Professor Graham Ladds - Group Leader
Professor in Receptor Pharmacology
Keywords
G proteins, GPCRs, Signal Bias, cell signalling, RAMPs, computational modelling, RGS proteins, mathematical simulations.
Investigator Biography
Graham studied Biochemistry at the University of Birmingham before completing a PhD in yeast pheromone signalling at Warwick. He continued to work at Warwick as a post-doc studying pro-hormone convertases before securing a 5-year independent fellowship funded through the NHS. This project enabled him to return to his interest of GPCRs.
He progressed through the ranks at Warwick become an Associate Professor before leaving in 2015 to join the Department of Pharmacology at Cambridge, where he is also a Fellow of St John’s College. In 2020, he was promoted to a Readership in Receptor Pharmacology and was elected a Fellow of the British Pharmacological Society.
His research group use a combination of pharmacological investigations and mathematical modelling to study factors that control agonist bias at GPCRs. These investigations have enabled him to foster strong collaborations with the pharmaceutical industry (GSK, Takeda and Firmenich) which have recently been enhanced though him being awarded a Royal Society Industry Fellowship to collaborate with AstraZeneca.
Lab members
Dr Abigail Pearce - Dr David Prole - Dr Annesh Chandran - Dr Emily Taylor - Ms Anjana Saji - Mr Matthew Rosa - Mr Theo Redfern-Nichols - Mr Edward Willis - Ms Claudia Sisk - Ms Jing Li - Ms Milena Malcharek - Mr Aman Khan - Mr Veenkat Vege - Mr Darius Hoven - Ms Amy Davies - Mr Tim Noel
The group merged with Professor Colin W Taylor's group following his retirement in 2022. His page can be found here.
Research Summary
Our research uses a multi-disciplinary approach to investigate the molecular basis of G protein signalling. We combine computational modelling, with machine learning and in vivo experimentation to probe the dynamics of G protein action.
Our group studies the members of both the Class A and Class B1 G protein-coupled receptors (GPCRs),superfamilies. We are specifically interesting in understanding the concept of agonist-induced signalling bias and factors which regulate this process. For the Class B1 G protein-coupled receptors, which include GLP-1, GIP, glucagon, CGRP etc we study the extent and consequences of receptor modifying activity proteins (RAMPs). These proteins can bias the signalling outcomes for these important receptors relevant to diabetes and other metabolic disorders especially common in the elderly. While RAMPs are found throughout the body. However, until recently, the consequences of RAMP-receptor interactions remained unknown. Our recent studies have shown that RAMPs have important consequences for the way they function and we are now extending these studies to all 15 Class B1 GPCRs.
For the Class A GPCRs, we are investigating, using multidisciplinary approaches how agonists activate different G proteins. This work has significant therapeutic potential as demonstrated by our studies with BnOCPA, a novel selective Adenosine A1 receptor agonist that engenders pain relief without cardiovascular and respiratory issues.
All our studies are aimed at reducing on-target but unwanted side effects of many drugs targeting GPCRs. Our leading expertise in BRET-based assays enable us, at the molecular level, to decipher precise agonist-receptor-G proteins interactions and their therapeutic impact.

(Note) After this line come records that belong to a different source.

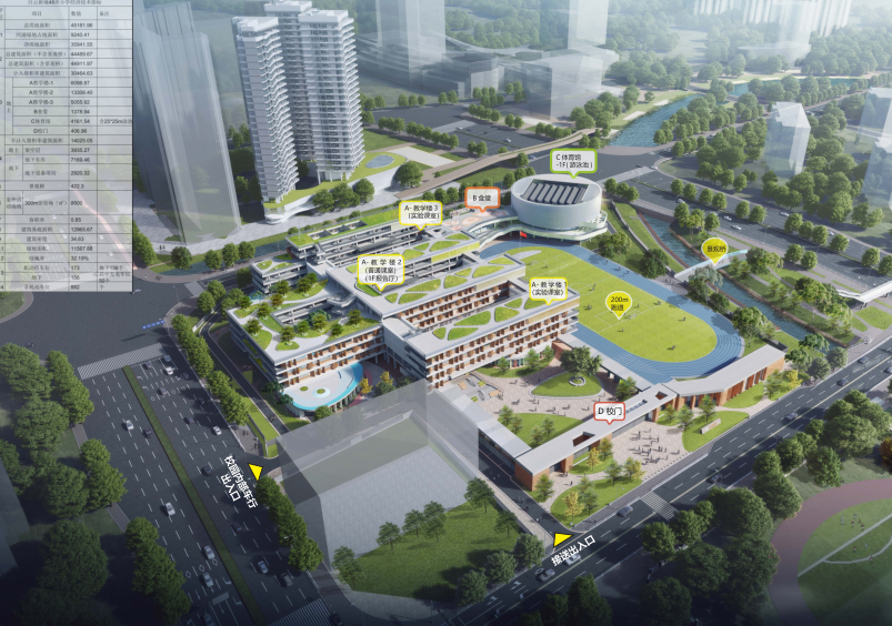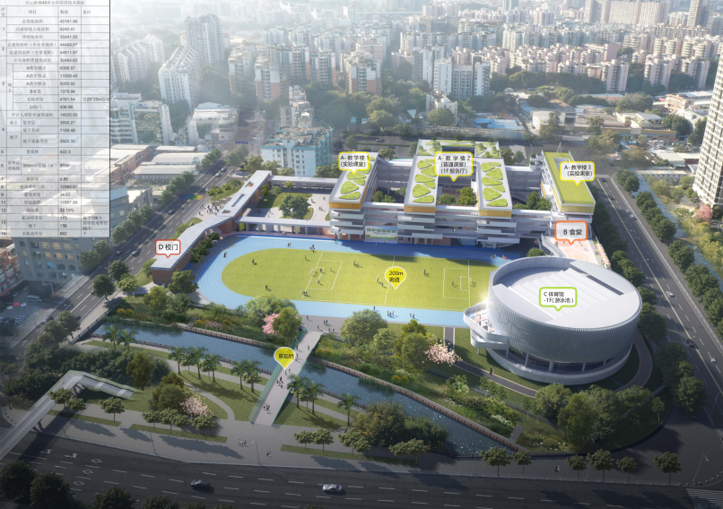 位于云城街道白云新城*区地铁萧岗站西侧,龙湖天奕小区南侧。该项目规划为白云新城省实小学部,规划48班小学,总用地面积约45182平方米,总建筑面积约44490平方米。建设内容包括教学楼(办公、教学)、报告厅、食堂、体育馆、辅助用房、风雨连廊、运动场地和人行景观桥等,项目总投资为48438.2万元。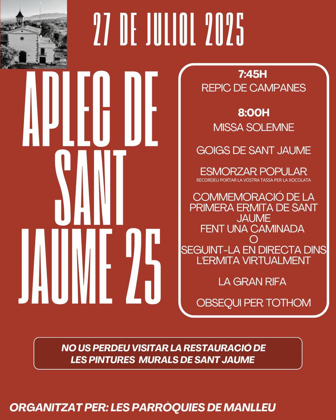 Aplec de Sant Jaume a l’ermita Sant Jaume de Vilamontà de Manlleu. Diumenge, 27 de juliol de 2025. Commemoració de la primera Ermita de Sant Jaume fent una caminada o seguint-la en directe dins l’ermita virtualment.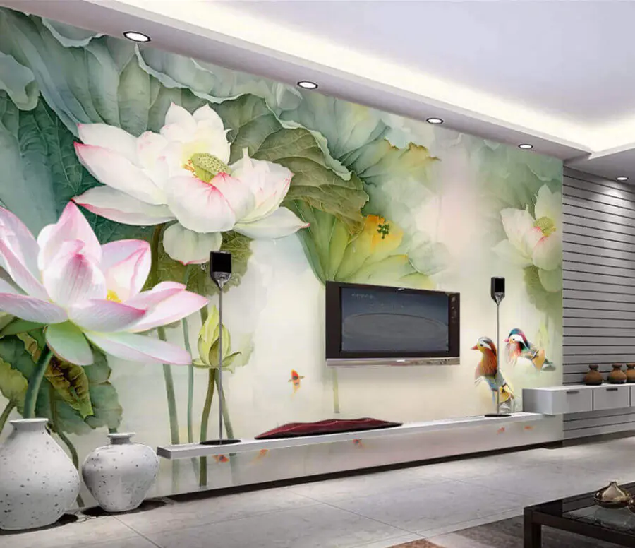 Fototapeten Gemälde einer Ente, die in einem Teich mit Blumen schwimmt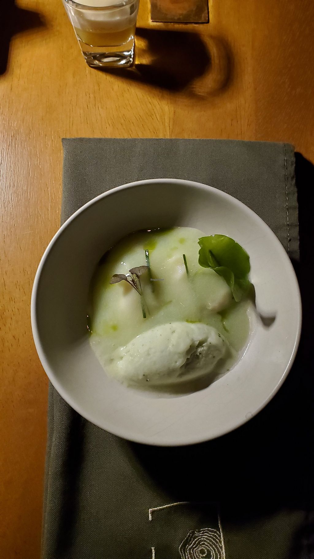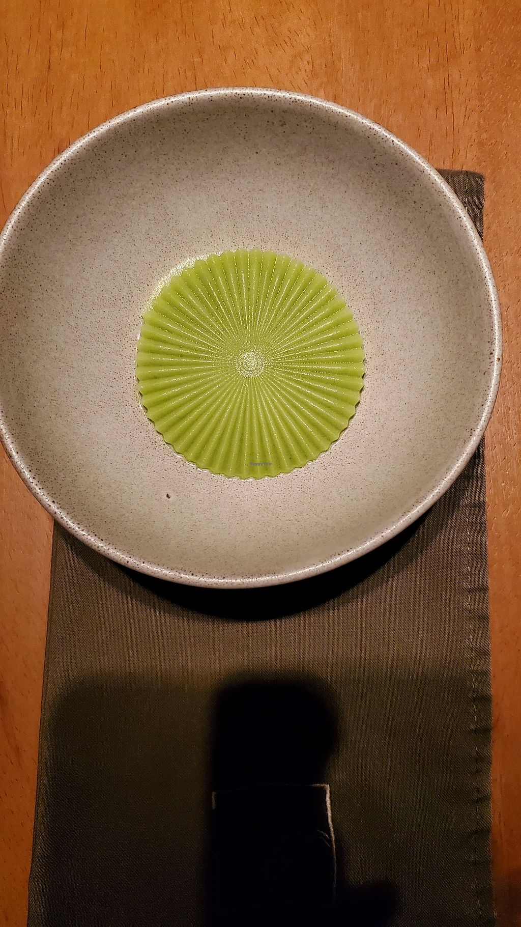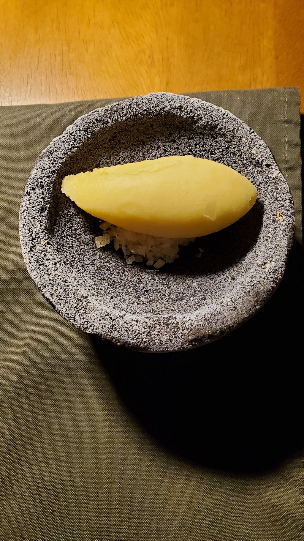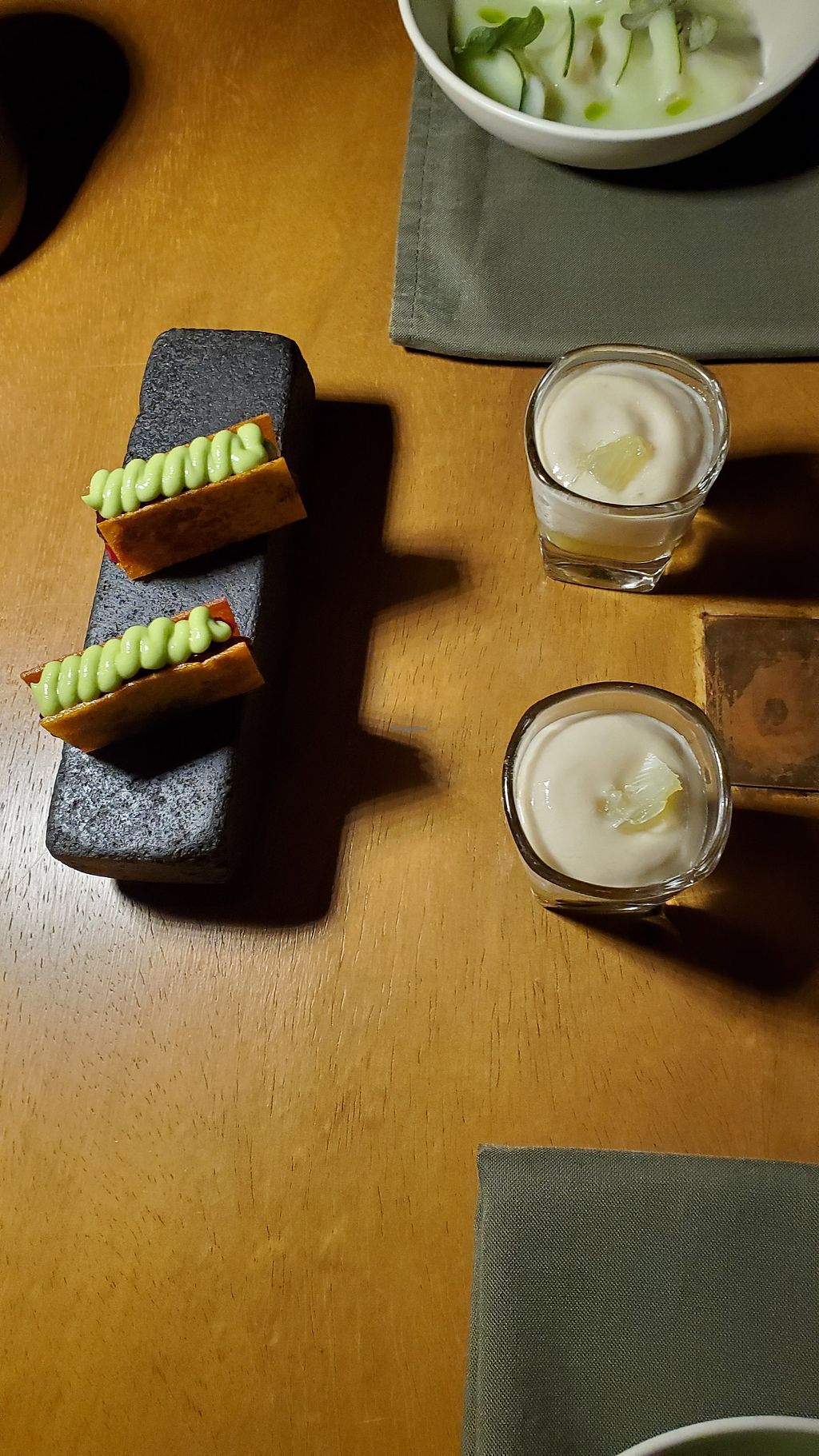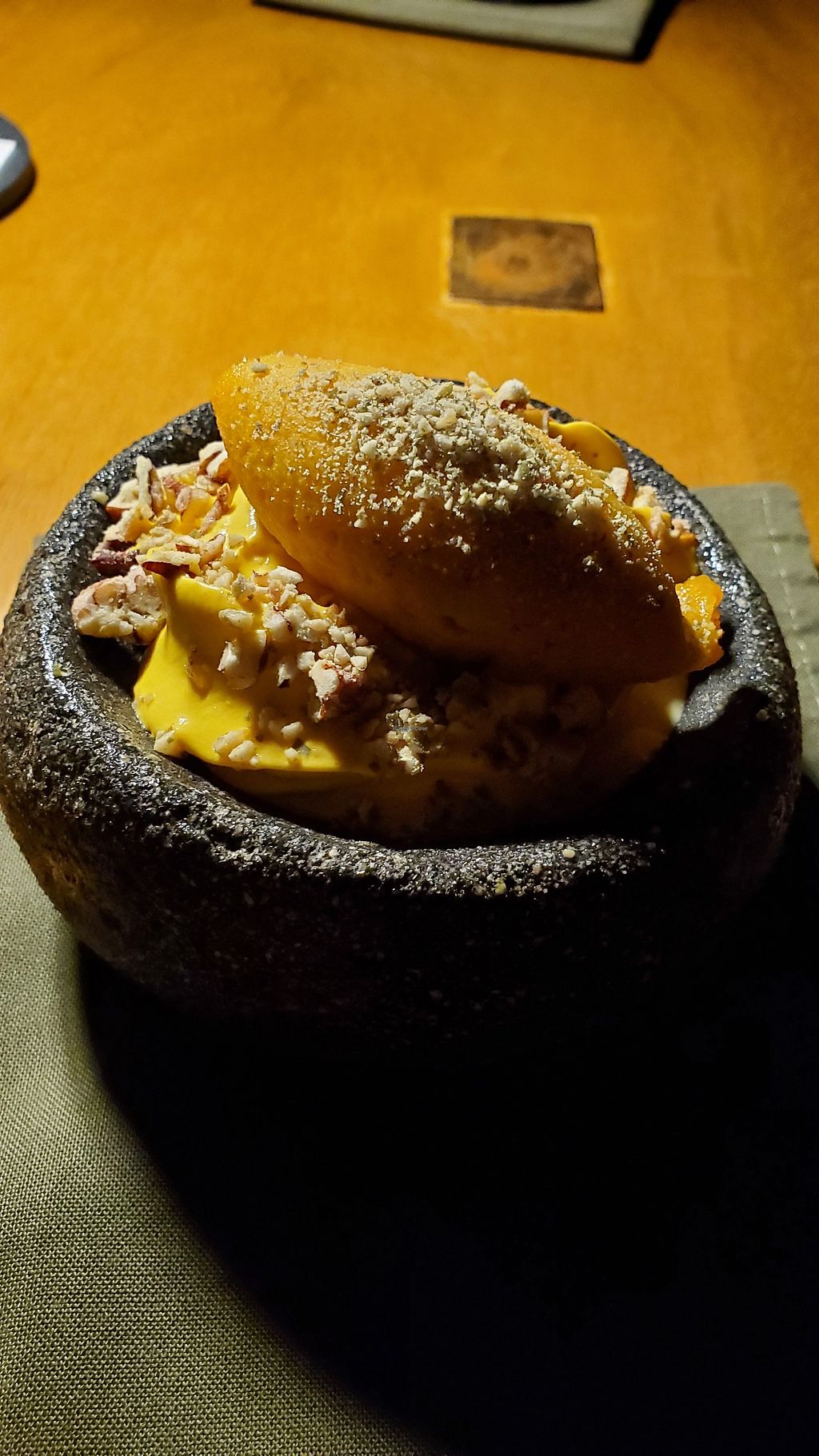 Palm of hearts topped with a tropical sauce, cashews, and rice chips.

Finally, we continue the legacy of Professor Taylor by having ongoing research projects studying the IP3 Receptor and intracellular Calcium release.
Key references
Huang, X., ….. Ladds, G. (2024) Hit-to-Lead Optimization of Heterocyclic Carbonyloxycarboximidamides as Selective Antagonists at Human Adenosine A3 Receptor. J Med Chem 67, 13117-13146.
Jones, A., …… Ladds, G. & Nietlispach, D. (2024) Structurally similar G protein complexes with β1-adrenergic receptor active state show differential binding kinetics, mediating selectivity. Nat Comms. 15, 1334.
Guida, C., .. Ladds, G.* & Rorsman, P.* (2024) GLP-1 metabolite GLP-1(9-36) is a systemic inhibitor of mouse and human pancreatic islet glucagon secretion. Diabetologia 67:528-546
Marti-Solano, M., Crilly, S.E., Malinverni, D., …Ladds, G. …. Babu, M.M. (2020) Combinatorial expression of functionally distinct GPCR isoforms can diversify receptor signalling response. Nature 588(7838):E24. doi: 10.1038/s41586-020-2999-9.
Shaw, W.M., Yamauchi, H., Mead, J., Gowers, G.F., Oling, D., Larsson, N., Wigglesworth, M.*, Ladds, G.* and Ellis, T.* (2019) Engineering a model cell for rational tuning of GPCR signalling Cell. 177: 782-796. (F1000Prime recommended).